***** DATA EXCERPT *****

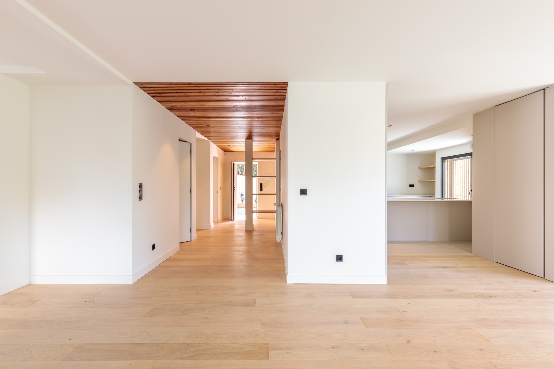 The ground floor is designed with functionality and flow in mind. It features a bright and spacious living room that connects to a dining room, perfect for entertaining or cozy family evenings. The modern kitchen is open towards the dining area, fully equipped and offers plenty of space for cooking and storage.
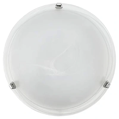The ceiling light fitting with chrome-coloured metal details and a round cover made of white alabaster glass blends seamlessly into classic interior styles The ceiling spot offers timeless illumination in any room with its simple design – whether in the kitchen, living room, dining room, hallway or bedroom No light bulb included in the delivery contents Suitable for any light bulb with an E27 base, maximum 25 watts per socket Dimmable depending on the light bulb used Dimensions: Diameter 30 cm, Height 9 cm
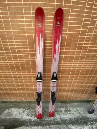 Se venden esquís de la marca Jet, modelo 2. - Color rojo con detalles en negro. - Fijaciones incluidas.
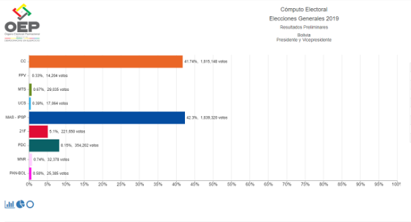 No obstante, hasta las 8:04 (hora local) de este 22 de octubre, el cómputo definitivo oficial, ofrece un resultado más ajustado: 41.74% a favor de Mesa de Comunidad Ciudadana y 42.3% para Morales, candidato del Movimiento al Socialismo-Instrumento Político por la Soberanía de los Pueblos (MAS-IPSP). Pero aún no se supera el 80% de las actas escrutadas.

*****

_THE TASK_
Reproduce, unchanged, each line between the one with "Se venden esquís" and the last line of the material, both included; the pictures do not go in.

_ANSWER AREA_
 Se venden esquís de la marca Jet, modelo 2. - Color rojo con detalles en negro. - Fijaciones incluidas.
 No obstante, hasta las 8:04 (hora local) de este 22 de octubre, el cómputo definitivo oficial, ofrece un resultado más ajustado: 41.74% a favor de Mesa de Comunidad Ciudadana y 42.3% para Morales, candidato del Movimiento al Socialismo-Instrumento Político por la Soberanía de los Pueblos (MAS-IPSP). Pero aún no se supera el 80% de las actas escrutadas.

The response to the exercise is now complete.